On Friday Boy Toy and I were chatting, that turned into me calling Lost River Campground. Lost River Campground. They had 1 cabin left. We went up Saturday after my hair was de-grayed. After grabbing a bite to eat and finding a place who's directions are "get off on exit 32 and take a left." We made it.




Boy Toy had bought a new PSP game (Ben 10 Alien Force) and gave it to him when we got to the cabin. When we finally got him to sleep Boy Toy had the propane heater out on the porch and we hung out and listened to the rain. This morning, before Clark's, Spotty said he was hungry so we went out to eat. The boy ate 2, almost 3, of the biggest pancakes I have seen. He also tried cranberry juice and liked it. He seemed to like his cranberry chocolate milk creation as well.

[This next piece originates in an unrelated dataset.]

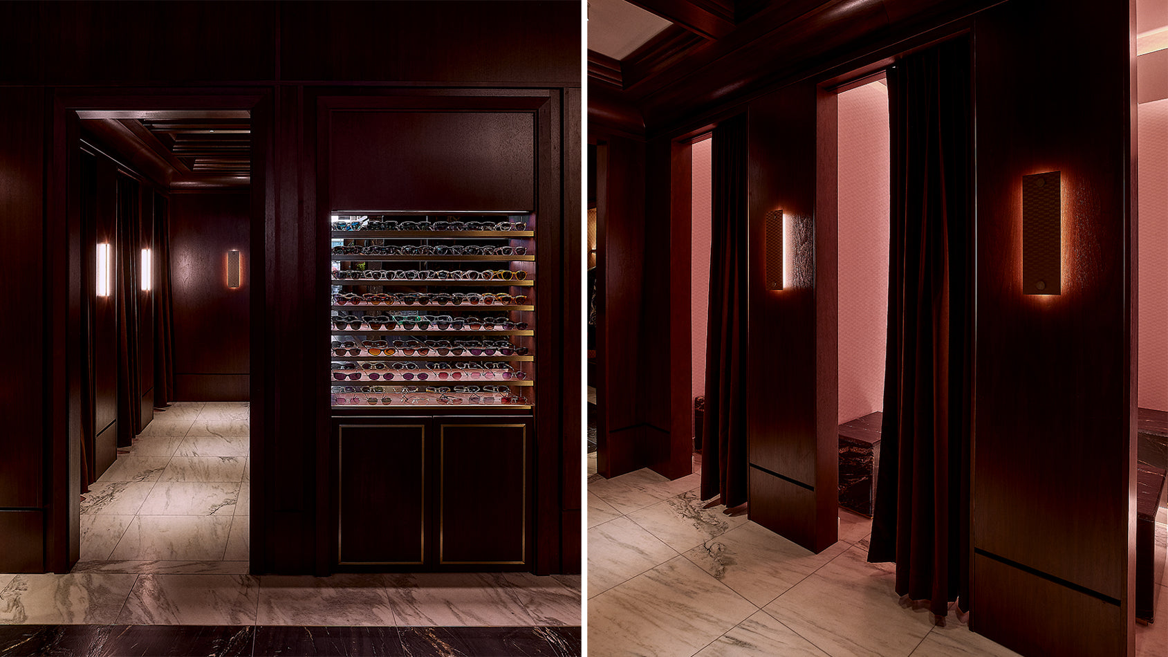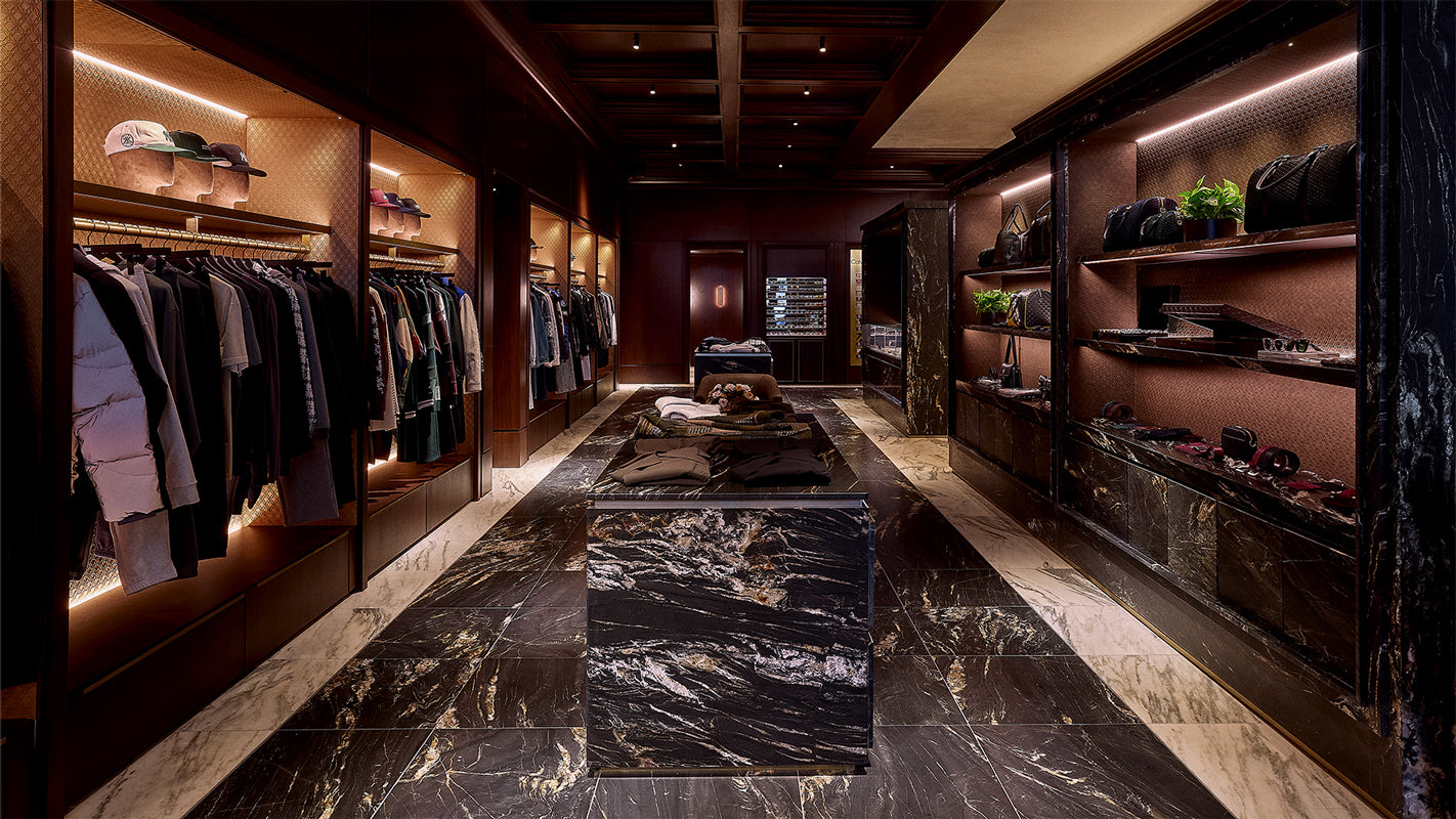 Visitors are surrounded by dark walnut millwork and a coffered ceiling when they enter the first floor of the space, housing Kith, additional brands, and footwear for men. There is Belvedere flooring complete with Montclair Danby marble bordering and apparel niches lined with custom K&K Crest embossed velvet and leather wallcovering. Displayed prominently along the center of the store are monolithic Belvedere caseworks displaying Kith’s lifestyle accessories, and jewelry on one side. On the opposite side features Men’s footwear accompanied by custom Mark Jupiter walnut benches.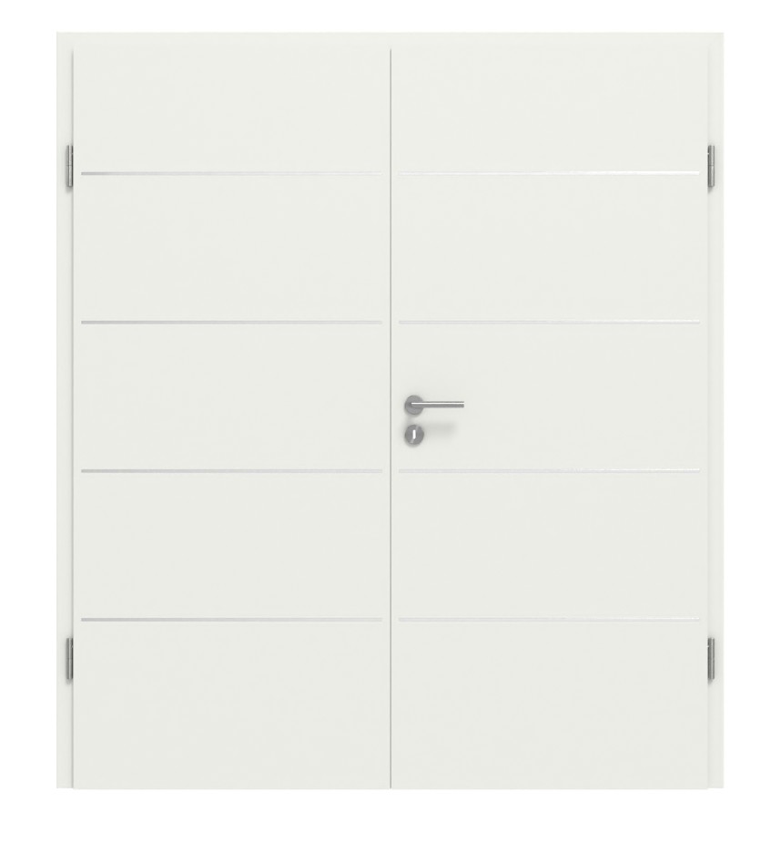 Ekonomiczne drzwi podwójne z lakierowaną powierzchnią: Wybierając drzwi podwójne Dynamic 3.8 w białym lakierze RAL 9003 z listwami od Classen, decydujesz się na łatwość w pielęgnacji i prostą estetykę.

We did finally make it to Clarks. And yes...I got my picture







Spotty decided we would be pirates.

03 October, 2009

Dear Spotty Chop you are 55 months old today

You really seem to be enjoying school these days. As soon as we walk in you are off and running to play with someone. The teachers are telling me how impressed they are with your listening skills, your willingness to help clean up, and your smartassedness.

Oh should I explain that one? One of your teachers explained to me that something happened and somehow one of your friends ended up crying. When the teacher explained to you that she couldn’t let you hurt your friend you fired back “he’s not my friend”. So she had to explain that it was her job to make sure that no one gets hurt. You were good with that.
Perhaps you will be a lawyer when you get older.

You yelled at me the other day because you were talking and I responded. “I’m not talking to you! I am talking to my friend that you can’t see.” You then proceeded to explain the game you were playing. I wonder if you will ever introduce me.

We had to take the PSP away. You have been getting way too involved with it. Or we have been letting you play it for too long. Whenever the battery died, or if it was forgotten you would actually lose your shit. In a big, tantrumy way. You have the Leapster, I let you play with the Crackberry and you don’t seem to be as addicted/freaked out with those. I decided that the degree of rudeness you were showing around that thing was just not worth it. I will definitely have to keep my eye on that.

You on occasion will get yourself dressed and you pull together clothes that go, maybe not in the same way I would, but you definitely have your own sense of style. I cannot wait to see more of it.

We finally found your BAKUGON! After tearing apart the living room and your room I for some reason thought about behind the couch…Yea me!

Papa made you a fort out of an old box. You love to hide in there and then spring out at me when I come to pick you up.

The other day I got hurt, boiling water splashed into my eye. Daddy was on one side of me trying to flush my eye with cold water, you stood on the other side patting my back saying “its ok mama, you are ok”.

Papa took you canoeing for the first time. You fed the ducks, peed off of the canoe and had a great time for yourself. Papa also got you a T-shirt that you proudly wore to school and have been showing everyone anytime you wear it.

After you are asleep I go into your room at least 4 times to “check in on you”. I am actually just giving you kisses.

We got you fitted for your first Tux…god do you look old! I don’t like it. Stay my baby.

01 October, 2009

Book Review: Orcs

I got this book solely for the cover. I’m a dork like that.

I could tell you what the book is about, but really – if you see the cover and you want to read it? You are the right audience.